モファット監督のツイッター ←最後の一文にご注目1895

★新しい依頼人がベッドに寝てる。私、突然ギャグを思いついたんだけど「アイ・リーン」って「I lie in ~」(私は横たわる)だよねえ・・・。

★SH「Oh, you’re rather good」(なかなかやるじゃないか)ジョンにすら言ったことのないセリフをアイリーンにいうのは、シャーロックより一歩上手の防衛を見せたから。「お食事」したいのね。彼女、そうやってずっと身を護ってきたんだと思う。

 どれだけ<お食事>しても(正典と違って。正典『ボヘミアの醜聞』ではアイリーンは誠の愛を得ることになっている)彼女はこの脚本では、満たされない飢えを抱えた女として描かれているのでは。身の上は語られることはないけれど、孤児とか、よっぽど不幸な生い立ちだったとしてもうなずける。

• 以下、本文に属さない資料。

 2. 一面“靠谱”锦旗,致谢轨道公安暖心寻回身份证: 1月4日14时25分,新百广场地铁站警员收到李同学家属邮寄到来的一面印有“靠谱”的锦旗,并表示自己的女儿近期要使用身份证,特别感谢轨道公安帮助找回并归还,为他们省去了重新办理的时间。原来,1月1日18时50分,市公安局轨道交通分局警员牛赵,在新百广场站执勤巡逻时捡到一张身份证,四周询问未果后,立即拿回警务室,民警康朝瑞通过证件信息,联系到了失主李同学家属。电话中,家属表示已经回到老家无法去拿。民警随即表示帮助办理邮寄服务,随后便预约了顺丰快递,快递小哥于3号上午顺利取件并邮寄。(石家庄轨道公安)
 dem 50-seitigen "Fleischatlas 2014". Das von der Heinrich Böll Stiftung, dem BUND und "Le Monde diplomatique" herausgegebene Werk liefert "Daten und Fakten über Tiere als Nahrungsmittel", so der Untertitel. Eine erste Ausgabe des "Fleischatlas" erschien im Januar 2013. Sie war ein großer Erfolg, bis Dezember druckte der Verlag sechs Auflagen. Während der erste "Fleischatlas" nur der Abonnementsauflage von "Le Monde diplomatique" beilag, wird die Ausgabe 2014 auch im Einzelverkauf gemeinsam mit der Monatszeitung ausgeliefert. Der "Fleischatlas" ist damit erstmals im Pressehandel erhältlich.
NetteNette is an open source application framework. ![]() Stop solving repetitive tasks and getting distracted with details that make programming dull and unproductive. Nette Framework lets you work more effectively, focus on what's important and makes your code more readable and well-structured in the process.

★「Hamish」がワトソンのミドルネームなのはれっきとした理由がある。正典シャーロキアンの間で長いこと語られ続けてきたのは周知の事実。これに関しては長い長い、論文ほどの歴史があってスティーブン・モファットとマーク・ゲイティスはもちろんドラマで使う算段だったはず。楽しんでるな、この人たち(笑)

 

★「007,007」の必死なシャーロックに、任務を忘れて素で惹かれているアイリーン。素肌のほうが透明でずっときれい。モリアーティー、どうも「ITオタク」にしか見えない。もっと天才肌のキャスト選んでほしかった・・・。

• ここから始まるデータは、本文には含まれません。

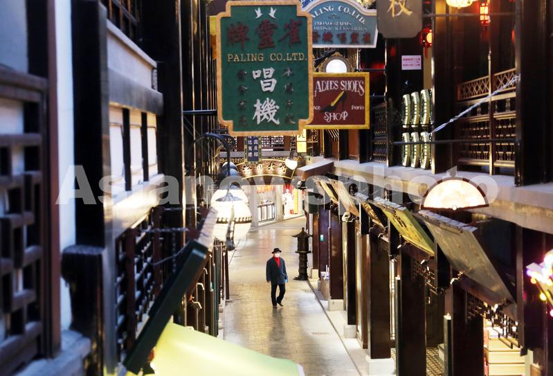 2021年1月25日,上海,新冠疫情阴影使得旅游地标豫园商城夜经济消费人流大幅减少陷入冷清。
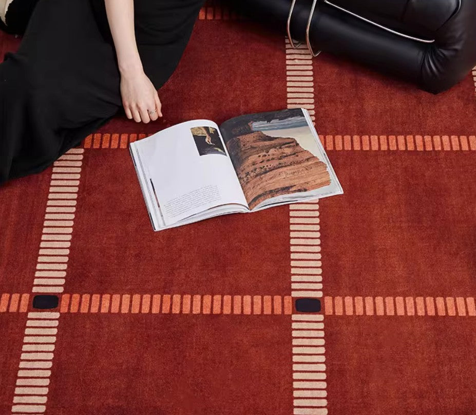Contemporary Modern Carpets Next to Bed, Abstract Red Rugs for Living Room, Mid Century Area Rugs, Red Modern Rugs under Dining Room Table
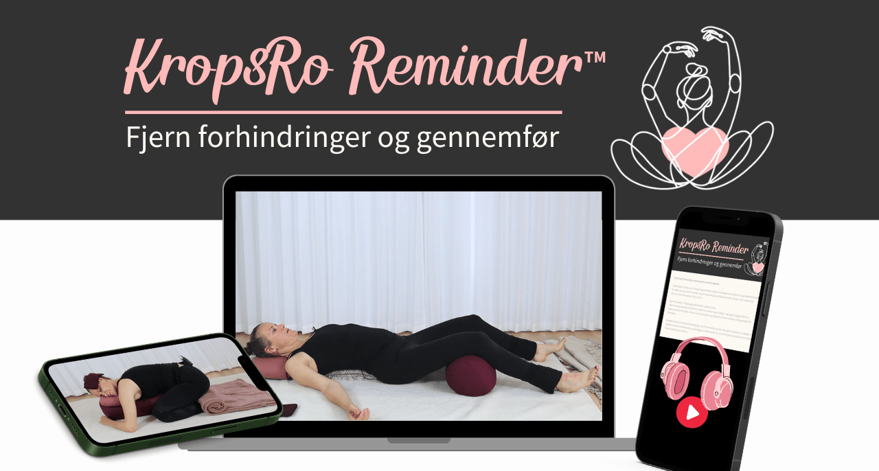 Få med garanti gennemført KropsRo Metoden - brug KropsRo Reminder, kun 99 kr: KropsRo Reminder™ er 10 mails og unikke lydfiler, der har hver sit særlige emne, som direkte motiverer og inspirerer dig til at gennemføre KropsRo Metoden™. Der hvor mange går i stå, vil du blive holdt i hånden mentalt indtil du når dit mål. Alt materialet vil også være tilgængeligt på kursus platform. Tryk JA TAK for at tilføje ” KropsRo Reminder™” for kun 99 kr.
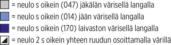 Mallineuleet Kierretty joustinneule suljettuna neuleena: neulo *1 s kiertäen eli silmukan takareunasta oikein, 1 n*, toista *-*. Sileä neule suljettuna neuleena: neulo kaikki kerrokset oikein. Kirjoneule: neulo sileää neuletta ruutupiirroksen ja ohjeen mukaan.
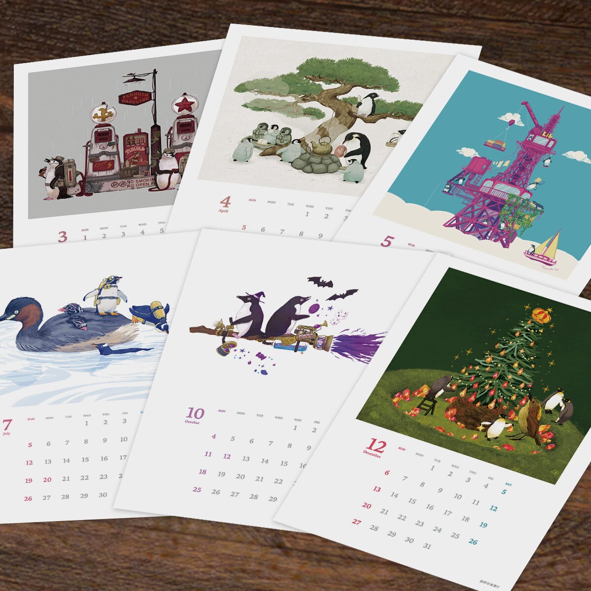 ◆ こちらの商品を含む場合、発送は2025/12/24(水)以降となります ◆ ペンギンたちが暮らす ちょっと不思議な世界を描いたカレンダーです。 2026年1月~12月版。 1枚1枚ばらばらになっているので、フォトフレームに入れて壁に掛けたり ミニイーゼルで立てて置いたり、お好きに飾って頂けます。 ※イーゼルは付属いたしません サイズ:A5(約148x210mm)
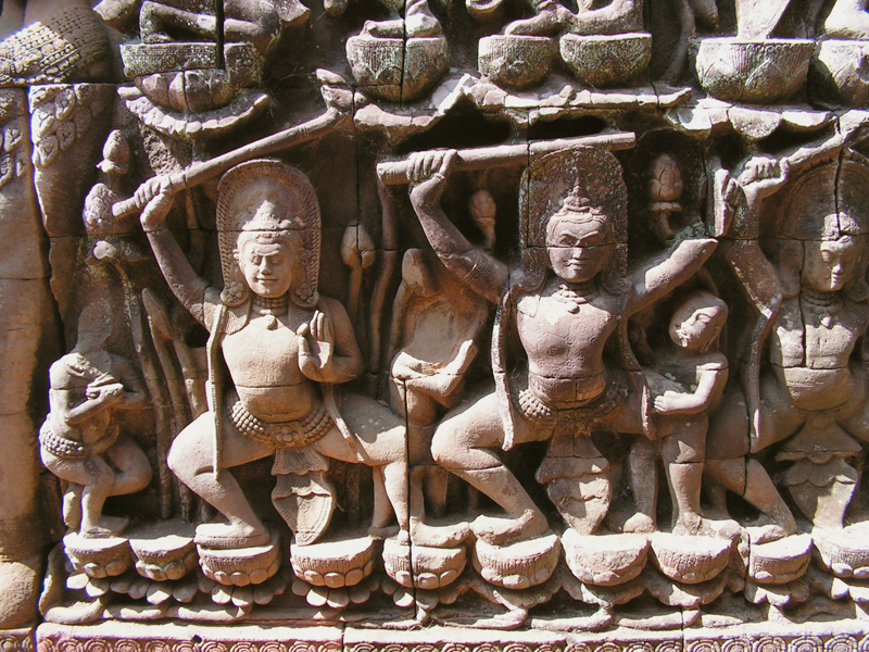 А вот тут рядом с воротами Ангкор Тома я попыталась заснять две команды. Получилось частично - фрагменты змеев и команд не сохранились.
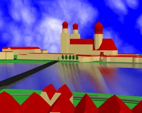 Writes an OpenGL rendering of the 3D model generated from example.osm to image.png. The rendering uses a perspective projection, with the defined coordinates for camera position and look at.

★マイクロフトの「死者の飛行(Flight of the Dead)」おじゃんに。でもシャーロックの暗号解読でSH「借りは返せたかな、兄さん」「情けがあるなら保護してやれ」アイリーン「このままじゃ半年ももたない」

★シャーロック「Sentiment is a chemical defect found on the losing side(感情は負ける側の化学的欠陥)」


The Iceman, The Virgin and The Dominatrix - Sherlock Series 2 - BBC - YouTube

★マイクロフトとジョンのコンビが素敵。ジョン:「吸うんですか?」マイクロフト:「カフェもタバコもめったにしないよ」カフェでの会話は、ジョンがちょっとアイリーンに対して嫉妬している感じもあるんだよね。唯一シャーロックを本気にさせたという。

 探偵を選んだのはどういう心の動きだったのか――「分かりませんね」というジョン。今回の話を通してマイクロフト&ジョンの絆も、だいぶ強まったみたいだけど?!?なんだかラストに関してはフランスではものすごい「深読み大会」になっちゃってていろんな奇抜な意見があるみたいですが。私は映像のまんま、素直に受け取っている派で、コメンタリーでも監督陣はそういうふうに言っていたから。

★ラストシーンは「The woman、 The woman――シャーロックの微笑みの意味が、何だか泣けてくる。おそらく、“らしくない”自分への自嘲でもあるのだろうけど。一度ぐらい、そんなことをしてみてもいいのでは、と。外は、そんなシャーロックを全部流し去ってくれるみたいに―――ロンドンの雨が、やまずに降りつづけている。